American regulations aren’t the only game in town, of course. The SEC’s rules on climate change disclosure have pushed many US companies to increase their ESG efforts. However, the slowdown in those efforts due to the Supreme Court action will not stop the ESG disclosure momentum from other parts of the world. According to the Harvard Law School Forum on Corporate Governance“Those wondering what the ESG regulation of tomorrow will look like should turn to the EU, which has been undertaking significant reforms in this area for several years, most often based on the French model.”

The same is true for the cryptocurrency market. In October 2022, the European Union took an important step towards the regulation of cryptocurrencies when the European Council approved the comprehensive regulation of Markets in Crypto Assets.

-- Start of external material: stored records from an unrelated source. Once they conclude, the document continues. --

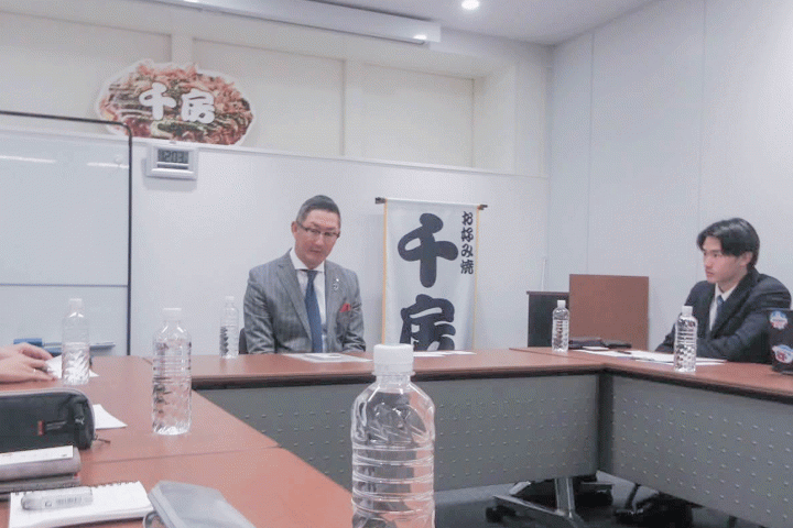 最初のチームは、お好み焼き「千房」を展開する千房ホールディングス株式会社を取材しました。学生たちは、社員を家族のように大切にする社風や社長が社員のために誰よりも働く「逆ピラミッド」体制を紹介。
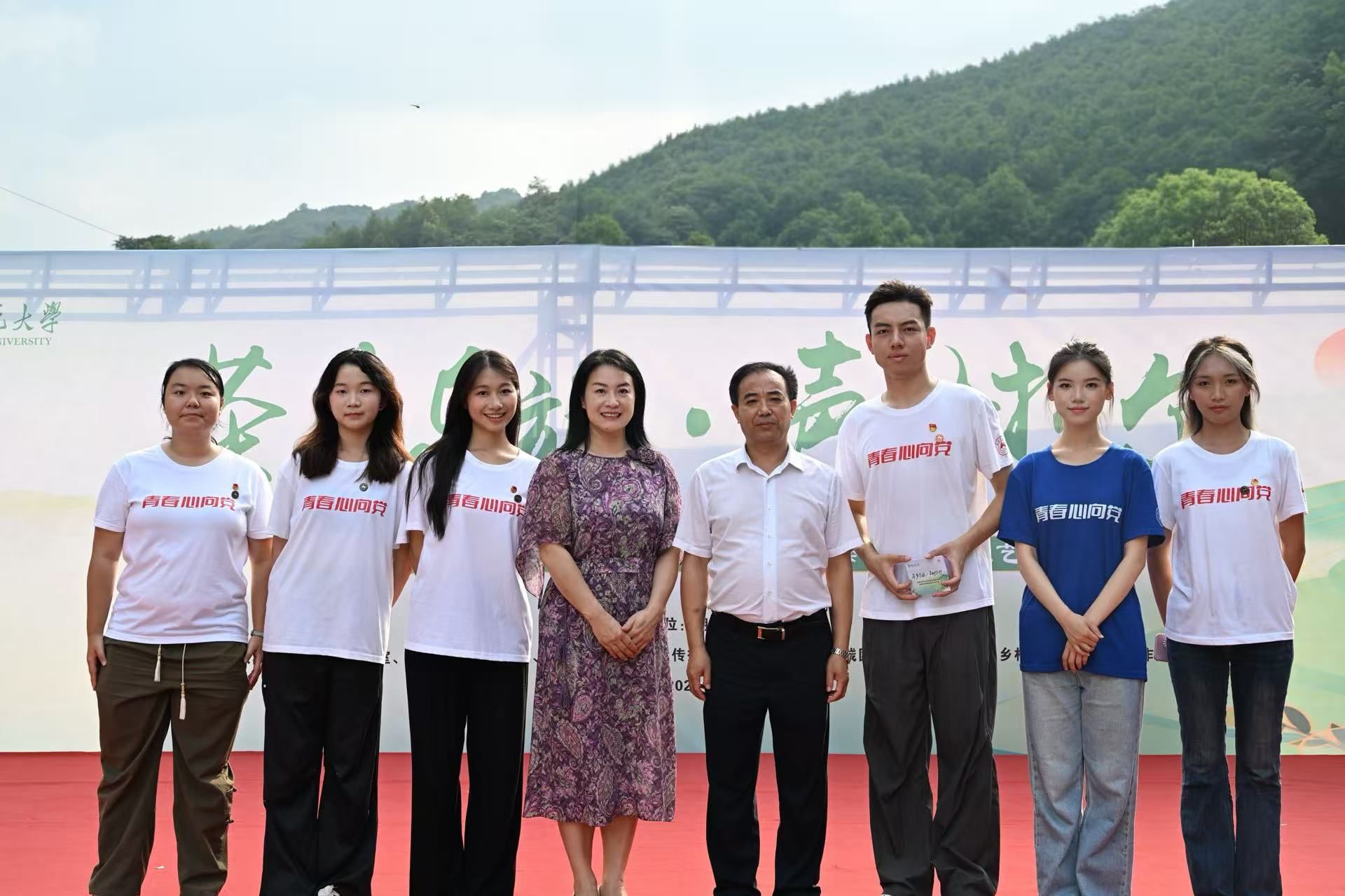在实地走访与调研中,王胜章书记一行听取了社会实践团工作汇报,详细了解团队在教育帮扶、文化传播、媒介助农等方面的阶段性成果。他指出,本次实践活动紧密结合学院传媒特色,学生在田野中发挥专业优势、在服务中锤炼本领,不仅为地方发展注入青春力量,也生动诠释了新时代大学生的责任与担当。
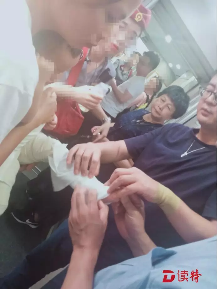 2019年7月27日晚上,一名一歲小童在高鐵上被開水燙傷,同在高鐵上的龍華區(qū)人民醫(yī)院燒傷整形科黃謙主任等一行人迅速前往3號(hào)車廂查看情況。
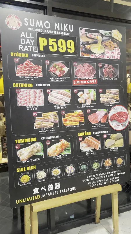메뉴판을 펼쳐보니, 다양한 종류의 고기들이 눈길을 사로잡는다. 와규부터 돼지고기, 닭고기까지, 없는 게 없다. 뷔페식이라 원하는 부위를 마음껏 즐길 수 있다는 점이 매력적이다. 스모 니쿠의 메뉴판 사진을 보니 더욱 기대감이 증폭된다. 599페소라는 가격이 무색할 정도로 풍성한 구성이다. 다양한 부위의 소고기와 돼지고기가 사진 속에 담겨있다. 치즈를 무한으로 제공한다는 문구도 눈에 띈다.

While a vote in the European Parliament is not expected until February 2023, the regulation, dubbed MiCA, is expected to pass. In its current form, it would require crypto companies such as wallet providers and exchanges to seek clearance from national regulators within the EU.

All this uncertainty puts compliance officers in a difficult place. To manage this challenge:

  • Identify regulatory schemes that are likely to be challenged: The first thing to do is identify the regulatory schemes that are likely to be challenged, and then determine if they affect your business. If they do, then…
  • make a tentative plan: Look at the proposed regulation and make a plan to comply with it. See if you can find synergies between other laws that apply to your business in other parts of the world. Let them guide your planning.
  • look carefully: Many law firms issue alerts when the courts rule on important regulatory issues or Congress passes important regulations that affect businesses. Ask to be added to these companies’ lists so that you are aware of these changes.
  • Pay attention to the rest of the world.: When it comes to ESG, climate change or privacy, look to Europe to guide your actions. Many European laws are, by design, meant to catch a company selling in the European Union, even if the company has no physical presence in the bloc. By following European laws, you will likely comply with many US laws when they take effect.

The US regulatory landscape is likely to change in the wake of the West Virginia decision, but that does not mean that the rest of the world will follow suit. We predict that if the SEC rules are finalized as previously published, they may be challenged in court under the lead questions doctrine, which could prevent them from being implemented or require revision. Other regulatory schemes can be challenged using the same grounds, which will create uncertainty in the compliance and ESG world as the courts decide which regulatory schemes can remain in force or be implemented. Pay attention, plan and always follow the path of ethics and integrity to have a strong, defensible and sustainable compliance program.